Restore or Resize an AWS Transit Router
October 22, 2018A transit VPC is a pretty common networking pattern in an AWS environment. Transit VPCs can limit the number of peering connections required to connect all your VPCs by switching from a mesh topology of peers to a hub and spoke method with transit. While transit VPCs offer some nice features, it also requires a bit more management overhead since you need to manage your own routers. Cisco makes the deployment of transit routers very easy but sometimes you need to make some changes to the routers after they’re deployed like if you need to resize them. Also, sometimes bad things happen and those routers can be destroyed by accident. This post shows how you can resize your Cisco CSRs and/or restore an old configuration from snapshot.
Transit VPC Setup
This post assumes that you’ve already gotten your Transit VPC and AWS environment setup and created. As you can see from my screenshot below, I’ve got a pair of Cisco CSRs up and running in my AWS environment. I’ve also got an EC2 instance in two different VPCs which are connected together though the transit network and subsequently these CSRs. These instances are setup to ping each other just to ensure connectivity exists between the two hosts.
In preparation for the upgrade to a larger EC2 instance type, I’m going to create an image of one of my CSRs that will be upgraded. I’m doing this manually and only once, but it might be a good idea to build in an image process on a regular schedule as a device backup solution.
If you’re going the manual route, select your CSR in the EC2 console and the click Actions –> Image –> Create Image.
Give the Image a name and description.

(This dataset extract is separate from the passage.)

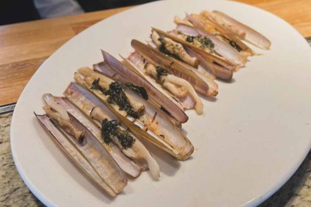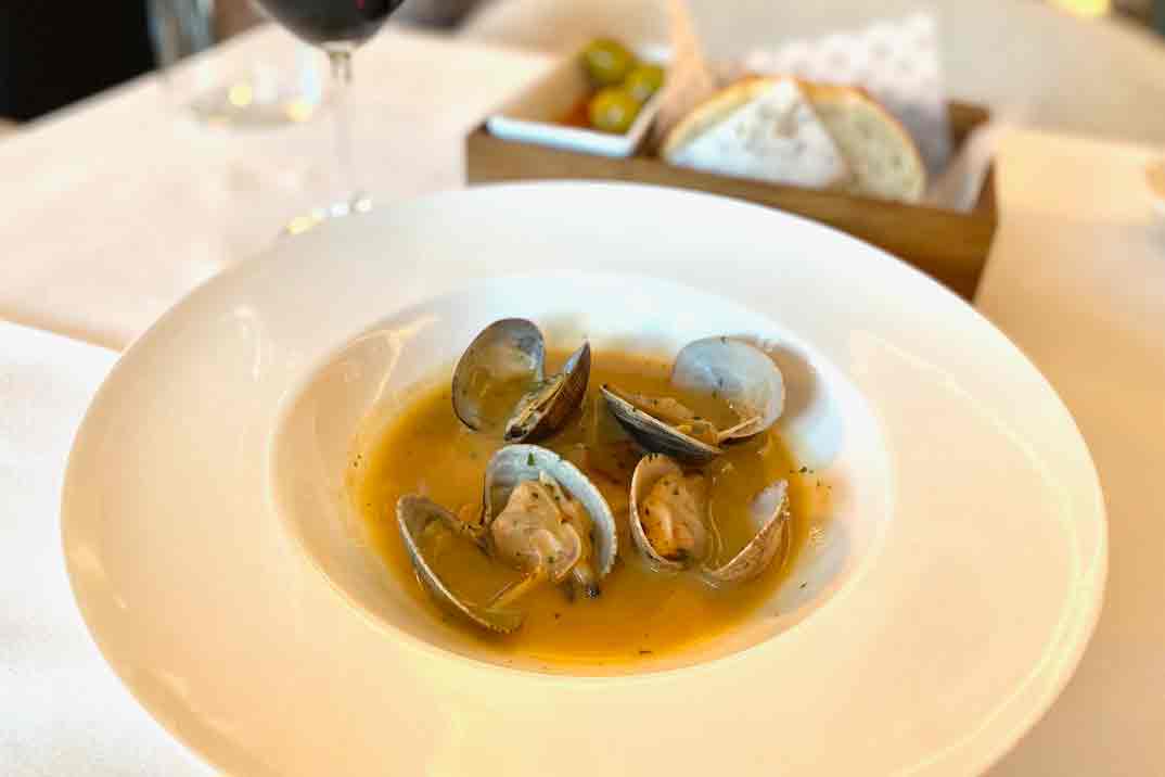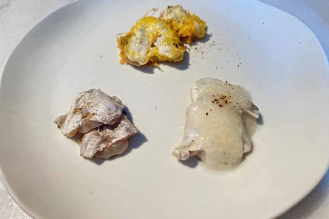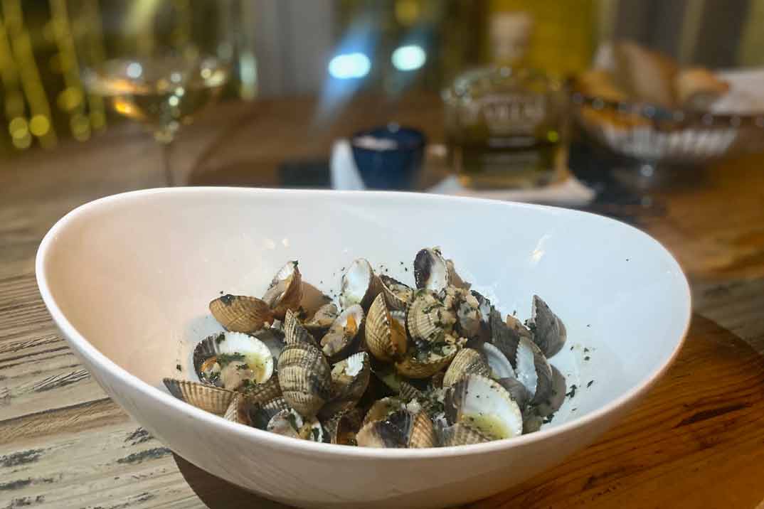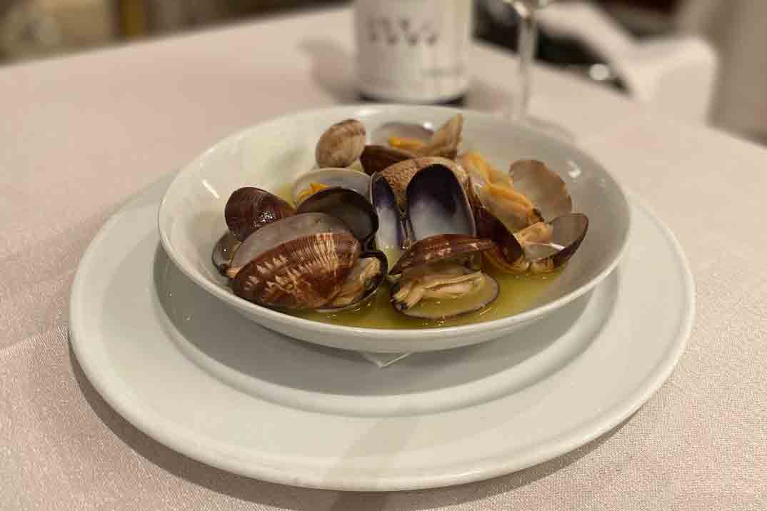 Comenzamos con una «Ensaladilla rusa con lubina en aceite» y «Ensalada de pimientos de cristal asados con ventresca de bonito de costera«. El marisco protagoniza parte de la carta con producto del mar como la «Zamburiña gallega a la plancha» y la «Almeja de Carril a la sartén»

Then click the “Create Image” button.
After a few minutes you’ll see that your image has been created which should be visible in your images link in the EC2 portal.
Before we do anything else destructive, take a look at your elastic IP Addresses in the “Elastic IPs” link in the EC2 console. Pay attention to which EIP is associated with the router that is to be upgraded. We’ll need this information later.
Create new CSR
We’re ready to build a new CSR from the image we created in the previous section. This could be to do our upgrade, or to recover from some sort of catastrophic configuration change. Navigate to the images where we created our CSR image. Select the image and click Actions –> Launch to create a new EC2 instance from the snapshot. At this point the EC2 Launch wizard will start. Select the instance size that you prefer as well as names, security groups etc. For this demo I’ve selected an c4.xlarge to show that the size can be altered from the default c4.large sizing.
Once the images are launched, go back into your Elastic IPs portal and disassociate the old EIP with the CSR that was deleted, shutoff or broken. You can do this by selecting the EIP and going to Actions –> Disassociate address.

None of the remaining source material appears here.